The figure of a young woman whose yearnings lead her to cause, or whose presence causes, destructive acts was clearly dear to Preminger, who had earlier essayed the same theme in several films, especially in his bodice-ripper hoot Forever Amber (1947), Carmen Jones (1954) and his queasily brilliant Angel Face (1952). In the last, a far more psychopathic heroine (Jean Simmons) annihilates her parents and then herself and her lover (both films build to climactic car crashes), and like Cecile, eddied in perturbed, bewildered grief after perceiving her own destructiveness. In the climax of Anatomy of a Murder (1959), James Stewart’s defence attorney lets his opponent walk directly into a trap of his own arrogance, a trap that finally confirms the absence of any definable truth in the case: all that matters is the case that he built. Likewise, Preminger lets his characters declare themselves in broad terms, and then observes them with increasingly lenient, observational intrigue, handing them just enough rope to hang themselves.

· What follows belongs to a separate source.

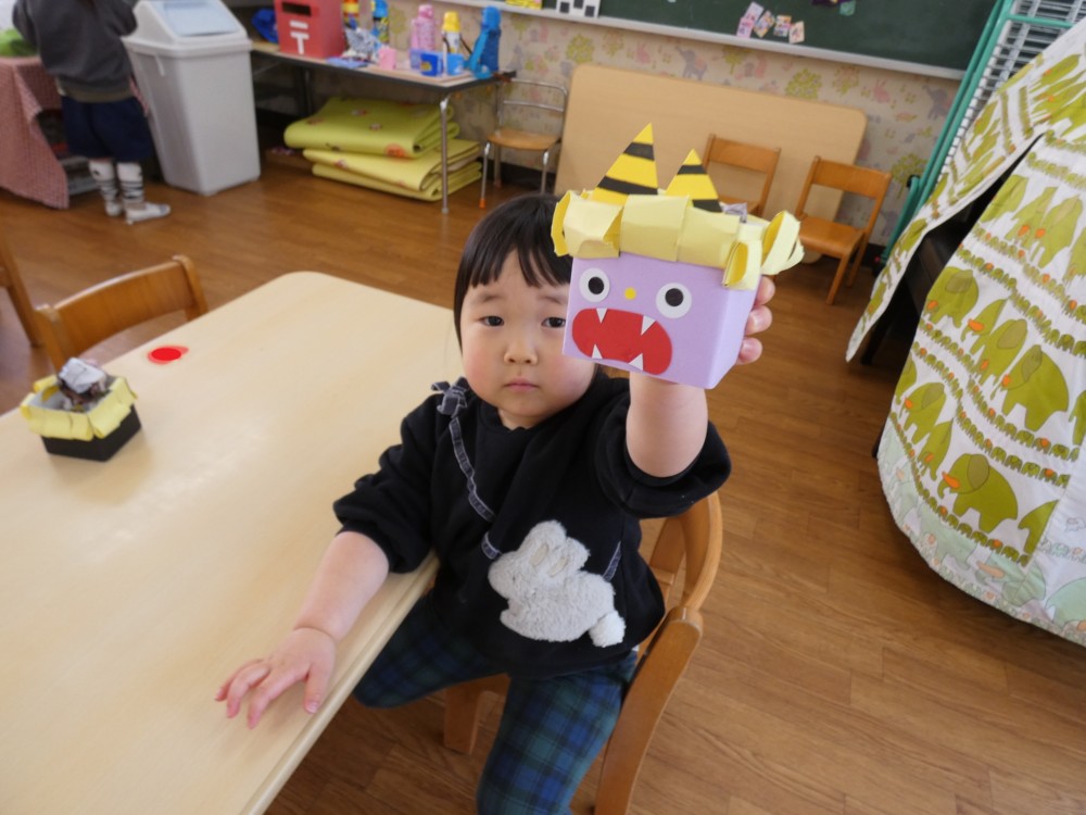 来週は節分ということで、満3歳児うさぎ組さんでは鬼のお面や豆入れの製作をしてきました。

Using the widescreen with compositional grace, he constantly offers lingering group and long shots in which telling details manifest. Sooner or later, the crucial moment arrives, as when his camera sits patiently waiting as Cecilia and a nightclub pick-up dance, only for the other beaux to instigate a fight; or a shot of the strange family gathering on a terrace whilst their maid sneaks mouthfuls of their champagne. There’s a marvelous moment when Cecile returns from having surrendered her virginity to Cyril, attempting, and failing, to coolly light herself a cigarette, and Anne comes to her rescue with solicitous patience.
The interrogatory approach alters Seberg, with her glassy Midwestern freshness, into a spry and supple assassin and makes blithely gracious man of the world Niven into a childish jackass. The often rigid Kerr gives one of her most comfortable performances from this era, funnily enough, playing a woman defined by her lack of comfort. Unfortunately, Preminger’s fondness for bottle blondes and digging up unpolished starlets to terrorise and/or sleep with yields Demongeot, who delivers an embarrassingly awkward performance early on; yet, she, too, expands her characterisation with some wit as the movie progresses. Horne, a star ingénue for about two minutes at the time, is a total washout. Still, it’s funny to see Martita Hunt, who usually played stern battle-axes, as Cyril’s gaudy, gambling mother. Greco appears on screen as herself, singing the mordant title song by Georges Auric, whose terrific score contorts its core theme through variations of chanson d’amour, hot jazz, and bossa nova, entwining seemingly disparate scenes and moods in unifying motifs.
A key set piece of Tristesse sees Elsa, who seems at first a cut-out of va-va-voom feminine lushness, but proves herself equipped with the life-love of a nature goddess, leading the others in a communal dance—a state of communal exaltation that also initiates Raymond and Anne’s affair and signals the swiftly approaching crack-up. It’s this mix of indulgence and cynicism, this wide-open perspective, that predicts subsequent films of Euro-anomie, like La Dolce Vita and L’Avventura and best defines Preminger’s films. The brilliant final shot reveals the queasy grief around which the circular narrative tiptoes, whilst achieving a total disintegration, as the self-loathing Cecile stares into a mirror, swathing her sorrow-contorted face in cold cream until she’s a perverted caricature, and the picture blurs and dies.